Tomando o mote de Vasco Pulido Valente, mas optando pelo tom interrogativo: seria hoje possível ver a primeira-ministra britânica e o Presidente dos Estados Unidos fotografados em tal circunstância? Refira-se um facto que dá uma dimensão trágica a esta verdadeira missa in tempore belli: no dia 10 de dezembro seguinte, o Prince of Wales seria torpedeado pela aviação japonesa nos mares da Malásia, arrastando para a morte mais de trezentos elementos da tripulação; o capitão Leach, comandante do navio, e o almirante Phillips, que capitaneava a esquadra inglesa naquela zona, incluíam-se entre as vítimas mortais. Assim, muitos dos homens que entoam hinos no convés daquele navio têm precisamente quatro meses de vida.
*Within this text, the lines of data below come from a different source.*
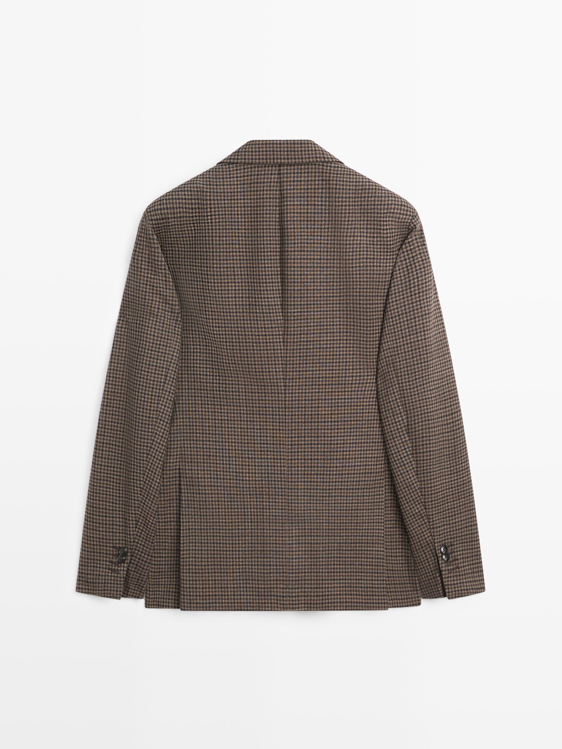 Blazer yang terbuat dari wol 100%. Kerah lapel. Lengan panjang dengan manset berkancing. Detail kotak-kotak mikro. Pengancing dua kancing. Dua saku depan .
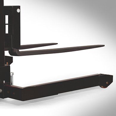 The lifting is electric powered with the controls conveniently mounted on the dash. It is manually propelled. Forks and straddle legs can adjust from side to side to accommodate different skid widths.
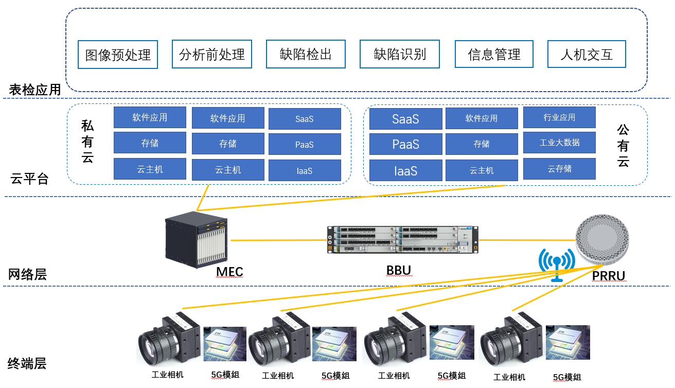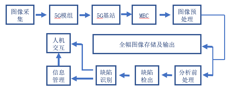 為解決以上表面質量檢測系統以及網絡連接的問題,本項目根據鋼鐵行業的質量檢測目前現狀,結合工業互聯網、機器視覺研究、5G網絡及MEC、大數據平臺、云計算等技術,利用工業相機拍攝高清圖片,通過5G網絡將檢測圖像上傳至云平臺,結合大數據分析圖像數據,給出數據分析檢測結果。依托5G網絡的大帶寬和低時延特性,使得系統的高清圖像得以快速上傳和分析,滿足生產線高速運轉的要求。本項目引入MEC工業邊緣云,將本地應用進行數據分流,實現工業數據不出廠,保障工業數據安全和信息安全。同時,本項目在帶鋼表面檢測系統中的圖像處理軟件、圖像拼接合成軟件、缺陷檢出算法、缺陷識別分類等模塊,在5G網絡中的5G模組、MEC服務器及5G核心網軟件均自主研發,開發基于工業邊緣云的質量檢測算法。本項目為鋼鐵企業提供工業相機、5G網絡接入、MEC服務、工業云平臺、帶鋼表面檢測系統應用等端到端解決方案,以服務模式向鋼鐵企業提供服務,減少鋼鐵企業在網絡、表檢系統方面的投資和維護成本。本項目可快速復制到鋼鐵行業其他產品的表面質量檢測場景,也可以推廣到其他型材制造業、造紙業等行業。
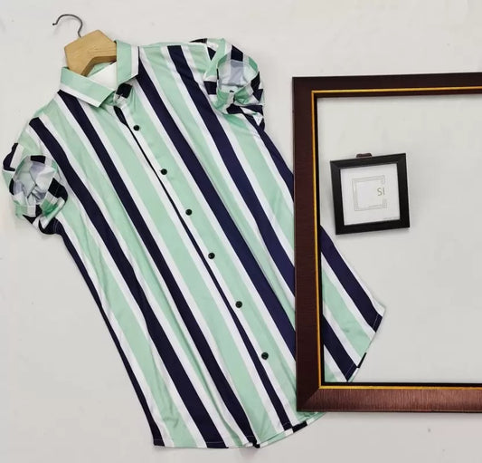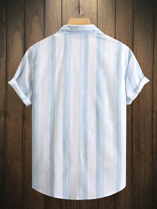 Men Blue Cotton Blend Striped Spread Collar Half Sleeves Oversized Casual Shirt (SIZE- M,L,XL)
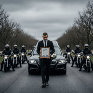 Locals peeked through curtains. Whispers spread like fire: “Who is being buried?” “Why so many bikers?”
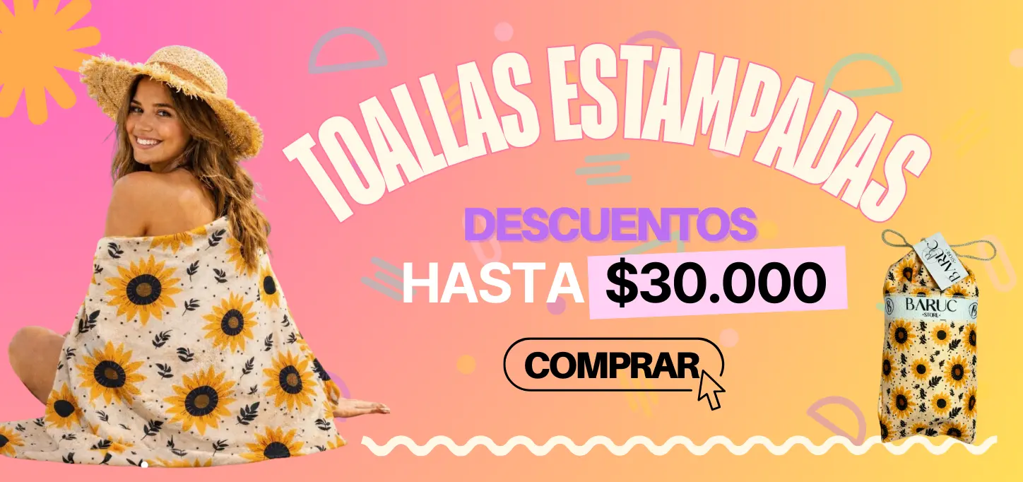 Colores vibrantes, estampados únicos y la suavidad que te mereces. Nuestras toallas estampadas están diseñadas para acompañarte en cada momento, ya sea en casa, la playa o el gimnasio
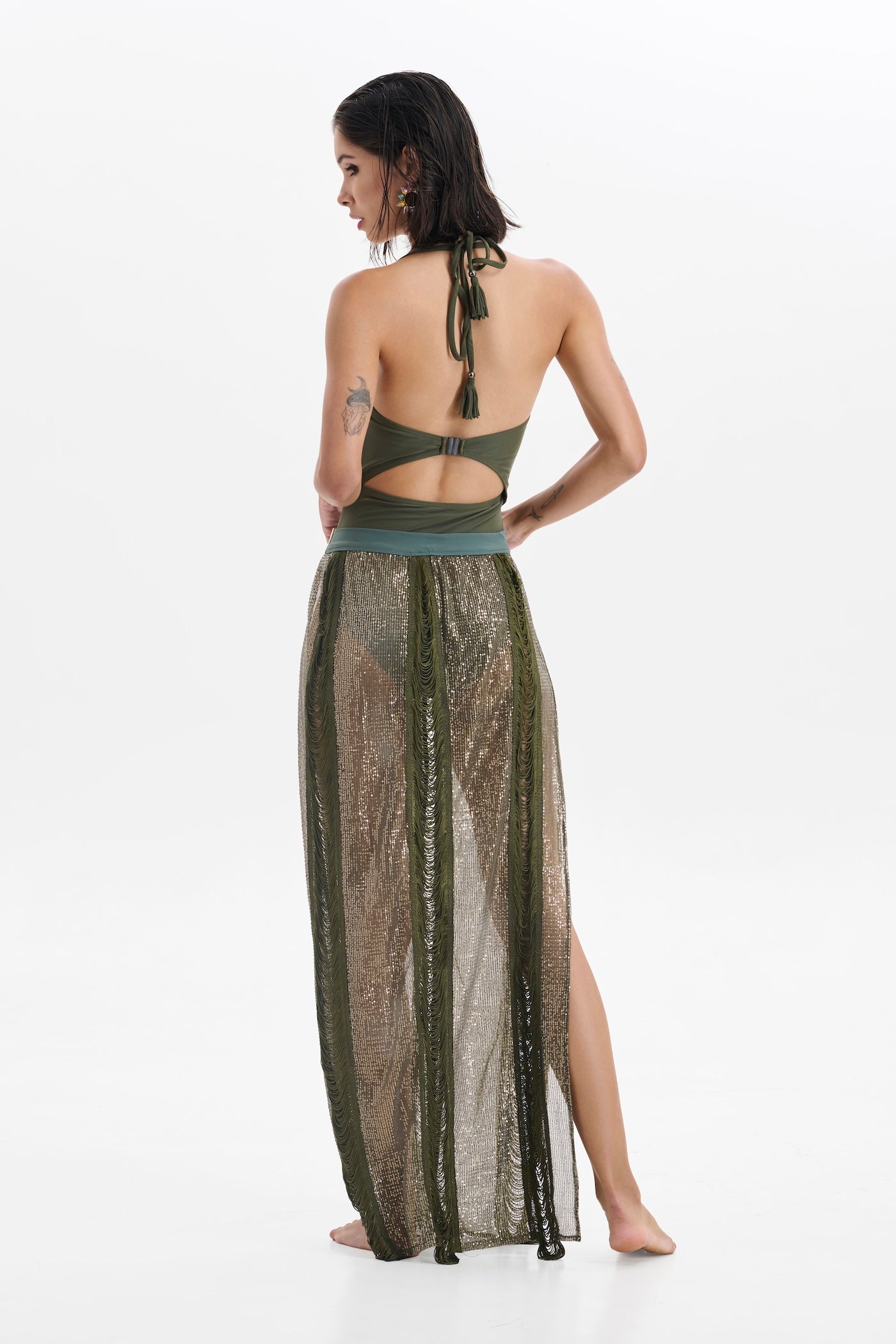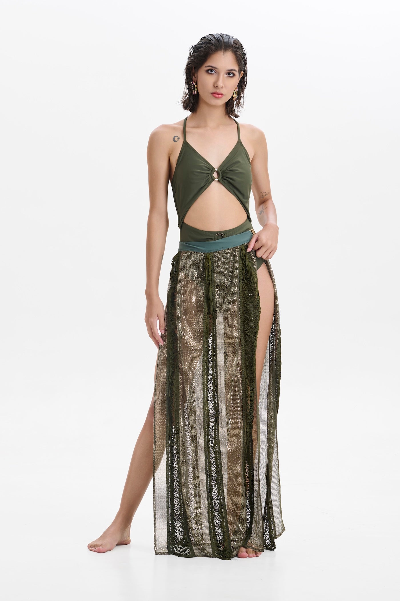 The Olive Sequin and Tassel Skirt is a showstopper crafted for sun-drenched celebrations and moonlit dancing. Adorned with shimmering sequins and playful tassels, it catches every flicker of light and sways with every step. The rich olive hue brings a grounded elegance, while the intricate detailing adds bold, bohemian flair.
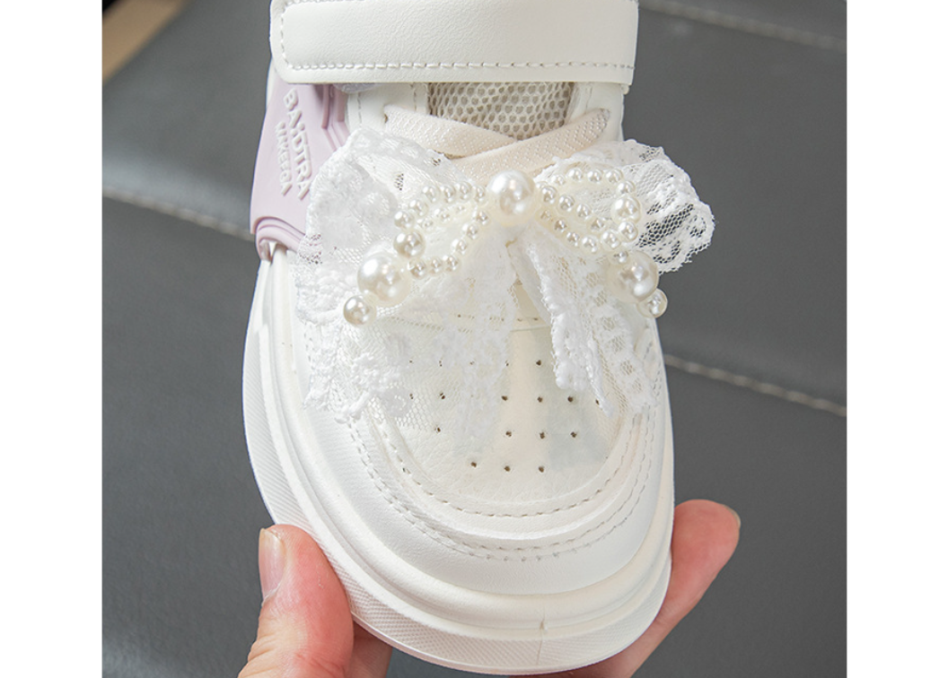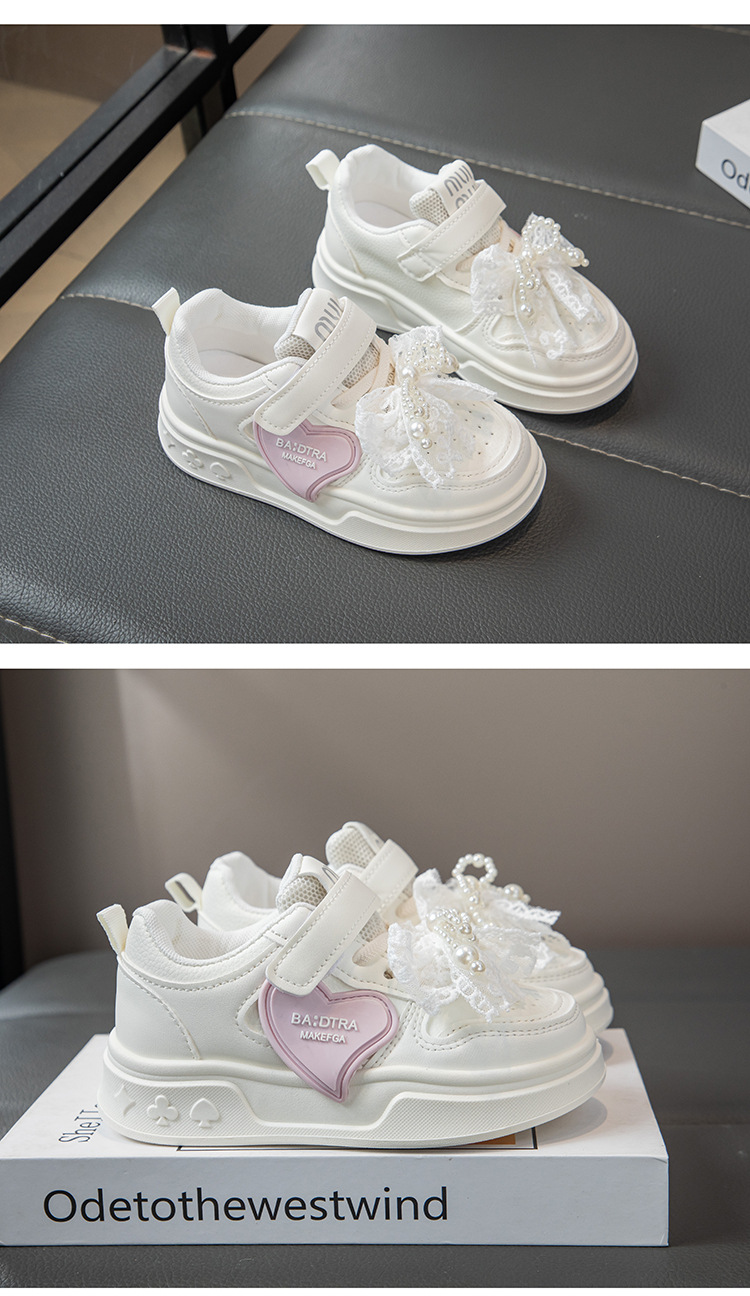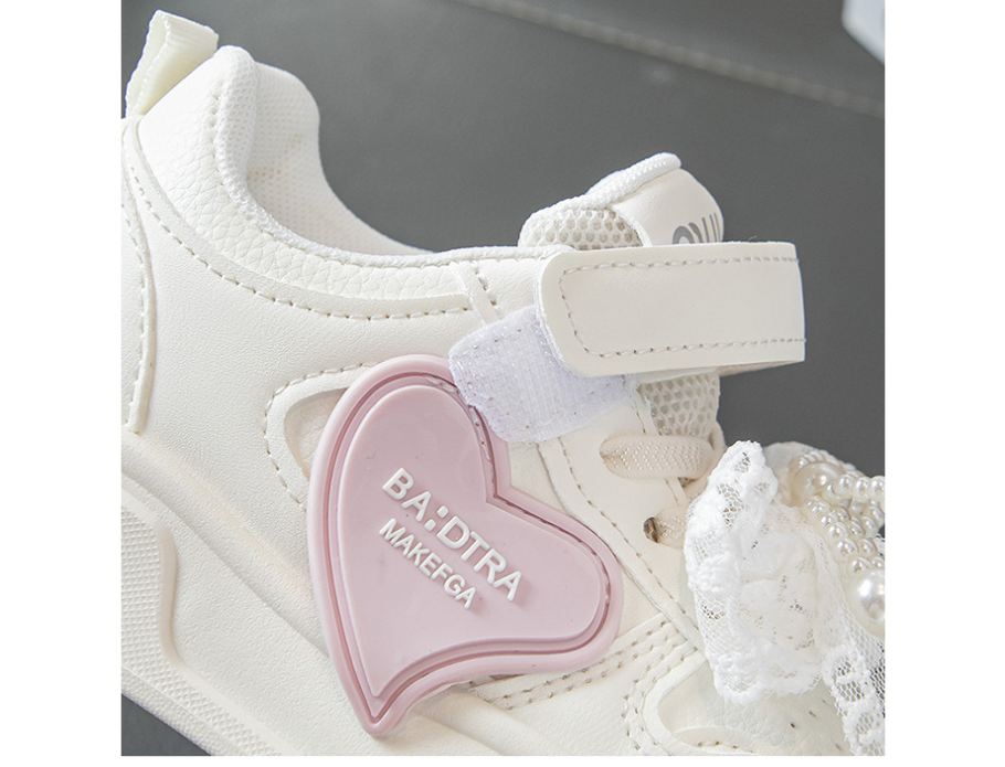 حذاء رياضي جلدي أبيض بفيونكة ورباط ولاصق أمامي للفتيات
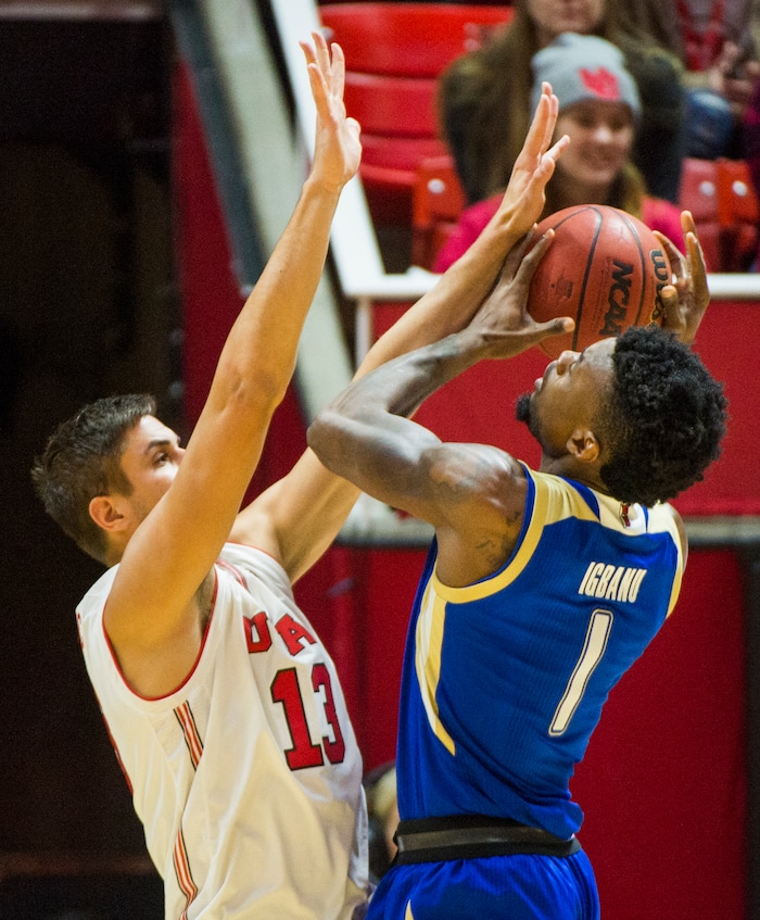 (Rick Egan | The Salt Lake Tribune) Tulsa Golden Hurricane forward Martins Igbanu (1) shoots as Utah Utes forward Novak Topalovic (13) defends, , in basketball action between, Utah Utes and Tulsa Golden Hurricane, at the Jon M. Huntsman Center, Saturday, Dec. 1, 2018.

A guerra é um assunto muito sério, facto que as populações europeias, embaladas por décadas de paz, parecem ter recalcado. Nesse particular, Teresa de Sousa tem razão: “Convém nunca esquecer a História”. Assim, comemore-se o D-Day, que abriu a “Segunda Frente”, irrealisticamente solicitada por Estaline aos anglo-americanos desde 1942. Mas recorde-se também a Operação Bagration, desencadeada cerca de duas semanas mais tarde, para alívio de Roosevelt e de Churchill, quando rugia a batalha da Normandia. Que as dissensões do presente não ofusquem a verdade histórica. A enormidade do que se passou há três quartos de século torna qualquer revisionismo de hoje mesquinho.